New Zealand: Selected Issues

This Selected Issues paper discusses the issues related to reforms and growth in New Zealand. The paper analyzes the record on growth and productivity outcomes in a comparative perspective. The study provides a brief history of the industrial relations in New Zealand leading up the passage of the employment contracts act. The paper assesses the monetary policy framework, central bank decision-making processes, and also reviews the possible extensions to full funding of the country's future superannuation expenditures.

Abstract

This Selected Issues paper discusses the issues related to reforms and growth in New Zealand. The paper analyzes the record on growth and productivity outcomes in a comparative perspective. The study provides a brief history of the industrial relations in New Zealand leading up the passage of the employment contracts act. The paper assesses the monetary policy framework, central bank decision-making processes, and also reviews the possible extensions to full funding of the country's future superannuation expenditures.

I. Executive Summary

1. This paper was prepared as background to the 2000 Article IV consultation with New Zealand.

2. Chapter II (“New Zealand’s Growth Experience in Comparative Perspective: Stylized Facts and Policy Lessons’”) discusses issues related to reforms and growth in New Zealand, An issue that has preoccupied policy makers and observers alike is why, in spite of the wide-ranging macroeconomic and structural reforms implemented since the mid-1980s, growth in New Zealand has not been sufficiently high to narrow the income gap with its OECD counterparts. The paper reviews the record on growth and productivity outcomes in New Zealand in the period since the mid-1980s, explores reasons why the growth payoff has been smaller and slower than expected, and draws on the experiences of a group of comparator countries that have been successful in raising their growth rates to distill policy lessons that might be applicable and relevant for New Zealand. The main conclusions of the paper are: (a) the reforms have begun to pay-off, but the dividend has been slow to be realized for a number of reasons, including the expected lagged response to macroeconomic stabilization and reestablishment of credibility, relatively slow progress in enhancing human capital, and issues related to the sequencing of the reforms, including the introduction of labor market reforms relatively late in the reform process; (b) there remains an agenda of unfinished business especially in upgrading technical and management skills, and in completing the process of deregulating product markets. The urgency of addressing this unfinished agenda is heightened by the fact that the rest of the industrial world is, once again, on the move—driven by technology, entrepreneurship and innovation—so that the issue for New Zealand is now not only of “convergence” with other advanced economies, but of catching up with a moving target.

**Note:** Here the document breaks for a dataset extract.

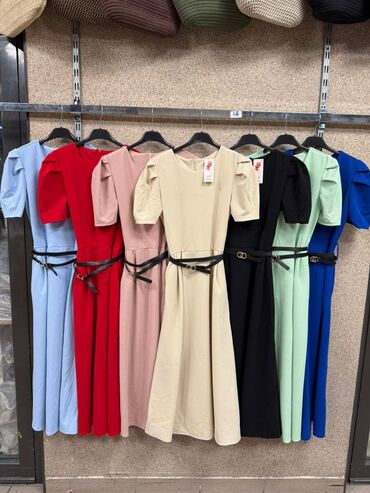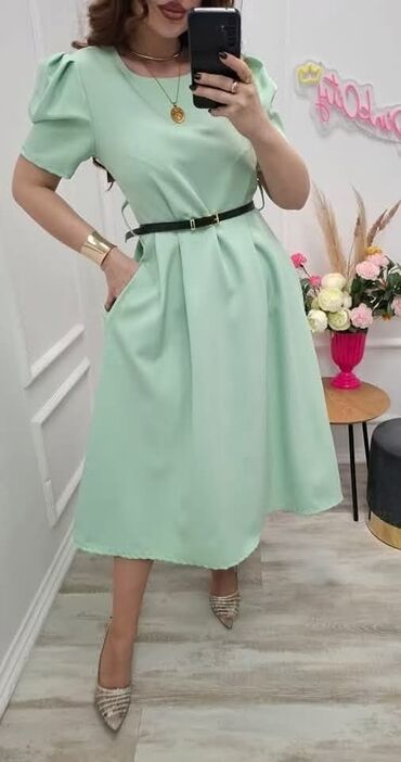 ✅Elegantna ženska haljina do kolena sa kratkim rukavima i pojasom u tonu. A-kroja sa laganim širenjem od struka nadole, naglašava siluetu i pruža komfor pri kretanju. Okrugli izrez, skriveni zadnji...
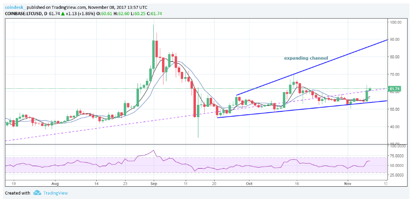 На протяжении большей части прошлого месяца Litecoin находился в расширяющемся канале нижняя граница которого проходит у отметки $50 и выше, представляя собой прочный уровень сопротивления. В настоящее время цена криптоактива находится в районе $61-62.

3. The Employment Relations Act (ERA) was passed into law in August 2000 following a contentious national debate. The new legislation is intended to level the playing field in the area of employment relations, which the newly-elected government feels had become unbalanced since the passage of the Employment Contracts Act (ECA) in May 1991. On the other hand, the ERA is seen—particularly by the business community—as a significant step backward in the trend toward labor market liberalization which culminated with the passage of the ECA. The ECA effectively ended nearly a century of centralized industrial relations in New Zealand, including by stripping unions of the legislated advantages they had enjoyed under previous labor market regimes. In light of these strongly held views and the uncertainty surrounding the effects of the ERA going forward, Chapter III (“Toward Assessing the Impact of the Employment Relations Act”) takes a wider look at labor market reform efforts in New Zealand with a view to identifying areas to watch as the ramifications of the ERA unfold. The paper suggests that an assessment of the ERA would depend both on the evolution of employment growth, productivity, wage dispersion and contract structure—which can be observed relatively quickly—as well as on other effects, such as the evolution of case law in respect of the notion of “fair bargaining,” which will take years to unfold. Even with the passage of time, however, it will likely be difficult, as in the case of the ECA, to make a definitive judgement on the effects of the ERA.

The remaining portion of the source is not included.